自分のためのキャリア・デザインを考える、金井壽広著『働くひとのためのキャリア・デザイン』を読んで

昨日、5月1日は、夏のような陽気と思ったら、今日2日は一気に気温が10度ほど下がり、体の方がついて行けない。明日からのGWの5連休で、体調を整えたい。

昨日、『働くひとのためのキャリア・デザイン』(金井壽広著、PHP新書)という本を読み終わった。

働くひとのためのキャリア・デザイン (PHP新書)
働くひとのためのキャリア・デザイン (PHP新書)

最近の新刊というわけでもなく、2002年1月の発行で、もう4年以上経っている。
今週、仕事帰りに、書店に立ち寄った時、別の本を選んだ後、見るとはなしの新書のコーナーをふらふらしていたら、表紙を表に平積みしてあったタイトルが目に入り手にとった。

いつも思うが、本との巡り会いは不思議なもので、発行されてから、多分何度かタイトルくらいどこかの書店で見かけたと思うし、行きつけの書店の新書のコーナーも、何回も見ているのに、今週、初めて、そのタイトルを意識したのだ。
人生や仕事について、この1年くらい、自分がずっと考えてきたことが、すでに学問としてそれなりに研究されていたことを知った。

自分なりの解釈で、この本の内容をまとめれば、人生や仕事には、何年かに一度『節目』があること。特に、その中でも、キャリアという点では学生から社会人となる『就職』の時期と40代の『ミドル』の時期が、大きな節目であること。節目の時期には、一つ時期の『終焉』と一つの時期の『開始』があるが、その間に『中立圏』と呼ばれる混乱・苦悩の時期があり、その『中立圏』での終焉から開始へのつなぎがうまくいかないと、開始された次の時期が安定しないこと。

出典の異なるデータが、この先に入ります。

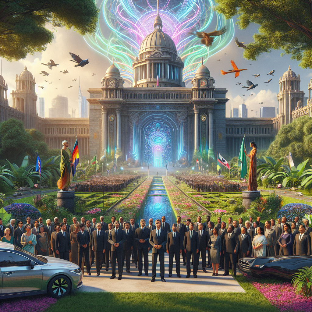 Prompt: Generate a photo-realistic image depicting a scene in Washington, D.C. where government officials are standing in front of a grand governmental building, surrounded by a lush green park. In the background, the air appears crystal clear and free of pollution. Above a fleet of parked cars, recall notices are glowing in a mesmerizing neon hue, capturing the attention of the officials as they gaze upwards with a sense of urgency and realization. The depiction should include only scenes, people, and objects, it should not include text or speech bubbles.

例えば、『就職』は、学生時代の終焉であり、社会人の開始であるが、その間の中立圏で、自分は何がしたいのか、どんな仕事が向いているのか、よく考えるということだ。

著者は、常時、自分が何がしたいのか、何が向いているのかを考えている必要はないが、『節目』の時期には、これまでの人生や仕事を振り返り、今後の人生や仕事の大まかな方向性や方針を立てて、次の時期に臨むべきだと言っている。そうしないと、ただ、流されるだけに終わってしまう。一方、節目で考えて、方向性が出されていれば、次の節目が来るまでは、むしろ、偶然や新たな出会いも、受け入れる余裕を持った方が、キャリアが豊かになるとも言っている。

ミドルの時期も、人生や仕事の上で、大きな転機・節目である。自分を振り返っても、40歳になって以降のこの5年間が、まさに中立圏の時期だったような気がする。個人としての節目に加え、長引く不況という時代の節目、時代の流れに翻弄された形での合併という職場の枠組みの変化という組織の節目という3つの節目が同時に重なり、時代の混乱、組織の混乱が個人の混乱に輪をかけていた。

最近、自分なりに将来に向けた目標もでき、ようやく、混乱状態からの脱出が見えてきた気がする。個人としての、そうした時期に、この本に巡り会ったことも、単なる偶然とは思えない。今後も、常に座右に置き、行き詰まった時、壁にぶちあった時、開いて読み返したい。